GroupModel webApiGroupModel = new GroupModel()
        {
            Logs = new List<Log>()
            {
                new Log()
                {
                    Ids = new HashSet<string>(){"a","g"},
                    UniqueId = "1"

                },
                new Log()
                {
                    Ids = new HashSet<string>(){"b", "c" },
                    UniqueId = "2"

                },
                new Log()
                {
                    Ids = new HashSet<string>(){"a", "b"},
                    UniqueId = "3"

                },
                new Log()
                {
                    Ids = new HashSet<string>(){"e"},
                    UniqueId = "4"

                },
                new Log()
                {
                    Ids = new HashSet<string>(){ "d", "e" },
                    UniqueId = "5"

                },
                new Log()
                {
                    Ids = new HashSet<string>(){ "f"},
                    UniqueId = "6"

                },
                new Log()
                {
                    Ids = new HashSet<string>(){ "g"},
                    UniqueId = "7"

                },
                new Log()
                {
                    Ids = new HashSet<string>(){ "a", "g" },
                    UniqueId = "8"

                },
                new Log()
                {
                    Ids = new HashSet<string>(){ "h", "e","g" },
                    UniqueId = "9"

                },
                new Log()
                {
                    Ids = new HashSet<string>(){ },//Intentionally left blank
                    UniqueId = "10"

                },
            }
        };

我需要根据相关ID对它们进行分组，因此结果将如下所示：

Group1 =具有UniqueId 1,2,3,4,5,7,8,9的列表

Group2 =具有唯一ID 6的列表

Group3 =具有唯一ID 10的列表

说明：

Group1：如果任何Log与任何Ids项匹配，则必须将它们分组为一个。由于具有唯一ID 1的日志具有ID“ a，g”，它们存在于具有唯一ID 3,7,8,9的日志中，因此将它们组合在一起，但是还有3,7,8,9个其他项，即“ b，e”存在于2、4、5中，因此所有这些都被分组，即1,2,3,4,5,7,8,9

Group2,3 ID在任何日志中均不存在，因此它们位于唯一的组中。

我正在尝试以最佳方式实现这一目标，因为我使用的解决方案需要2分钟才能对包含25K日志的数据集进行分组，这非常糟糕。每个日志中的最大ID数可以为3。

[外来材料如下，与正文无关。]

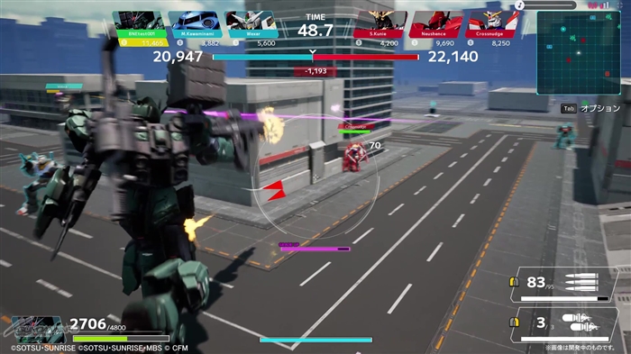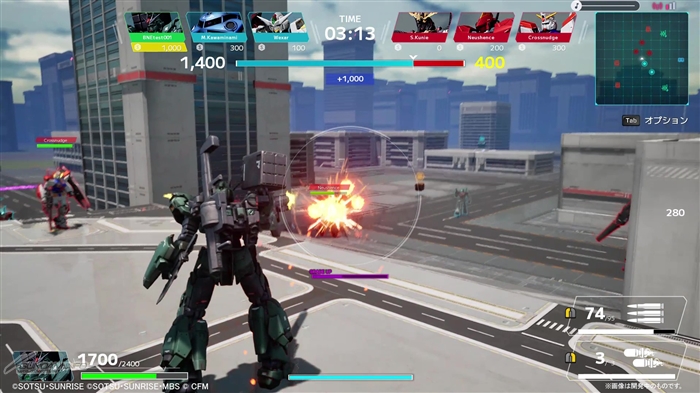 “3on3 对战”,正如其名是玩家间的3对3团队战斗。在玩家间队伍战斗的同时,地图上也会出现敌方NPC机体的三方大乱斗。除了玩家对战斗外,还有熟悉操作的训练模式。
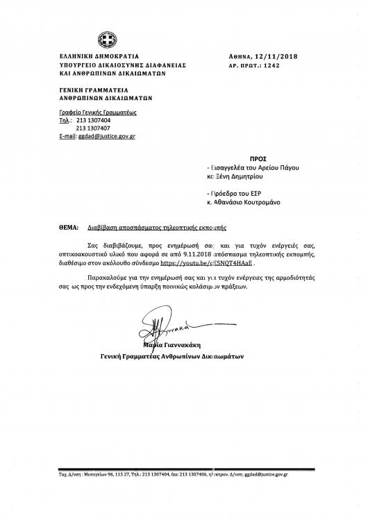 Στην Εισαγγελέα του Αρείου Πάγου και το Εθνικό Συμβούλιο Ραδιοτηλεόρασης εστάλη, κατόπιν παρέμβασης της γενικής γραμματέως Ανθρωπίνων Δικαιωμάτων, Μαρίας Γιαννακάκη (δείτε το σχετικό έγγραφο κάτω), το βίντεο με τη ρατσιστική επίθεση του Τάκη Τσουκαλά, από το βήμα της τηλεοπτικής εκπομπής του, κατά του Θανάση Αντετοκούνμπο.

下面是我的解决方案，您可以帮助我进行优化，或者提供一种完全不同的方法来实现上述结果。

private static ICollection<List<Log>> GroupIds(List<Log> logs)
    {
        Dictionary<int, HashSet<string>> tempgroupedIds = new Dictionary<int, HashSet<string>>();
        HashSet<string> UniqueIds = new HashSet<string>();
        HashSet<string> tempgroupedIds2 = new HashSet<string>();
        int id = 1;

        foreach (var log in logs)
        {
            List<int> tempGroupNames = new List<int>();
            foreach (var Id in log.Ids)
            {
                if (!string.IsNullOrEmpty(Id))
                {
                    UniqueIds = new HashSet<string>(logs
                        .Where(d => d.Ids.Contains(Id)).Select(p => p.UniqueId));

                    var OtherLogsContainingUniqueIds = tempgroupedIds
                        .Where(d => UniqueIds != null && d.Value.Intersect(UniqueIds).Any())
                        .Select(d => d.Key);
                    if (OtherLogsContainingUniqueIds.Any())
                    {
                        tempGroupNames.AddRange(OtherLogsContainingUniqueIds.ToList());
                    }
                }

                if (tempGroupNames.Any())
                {
                    var tempCorelationids = new HashSet<string>(tempgroupedIds.Where(d => tempGroupNames.Contains(d.Key)).SelectMany(a => a.Value));
                    tempCorelationids.UnionWith(UniqueIds);

                    foreach (var groupname in tempGroupNames)
                    {
                        //If id is found in exiting group put all the Ids from this group to the existing group and remove this group
                        tempgroupedIds.Remove(groupname);
                    }

                    tempgroupedIds2.UnionWith(UniqueIds);
                    tempgroupedIds.Add(id, tempCorelationids);
                    id++;
                }
                else
                {
                    // This a unique group untill some other log is found containing this Id
                    tempgroupedIds2.UnionWith(UniqueIds);
                    tempgroupedIds
                        .Add(id, UniqueIds);
                    id++;
                }
            }
        }

        ICollection<List<Log>> finalGroup = new Collection<List<Log>>();

        foreach (var groupedlogKey in tempgroupedIds)
        {
            var group = logs
                .Where(a => groupedlogKey.Value.Contains(a.UniqueId)).ToList();
            finalGroup.Add(group);
        }

        //With empty Ids
        var anonymousLogs = logs
            .Where(a => !tempgroupedIds2.Contains(a.UniqueId)).ToList();
        if (anonymousLogs.Count >= 1)
        {
            finalGroup.Add(anonymousLogs);
        }

        return finalGroup;
    }
}

Answer 1

您的算法在输入列表中包含许多内部线性运算，这使其二次O(N*N*K)的时间复杂度（K的漏洞足以影响性能）。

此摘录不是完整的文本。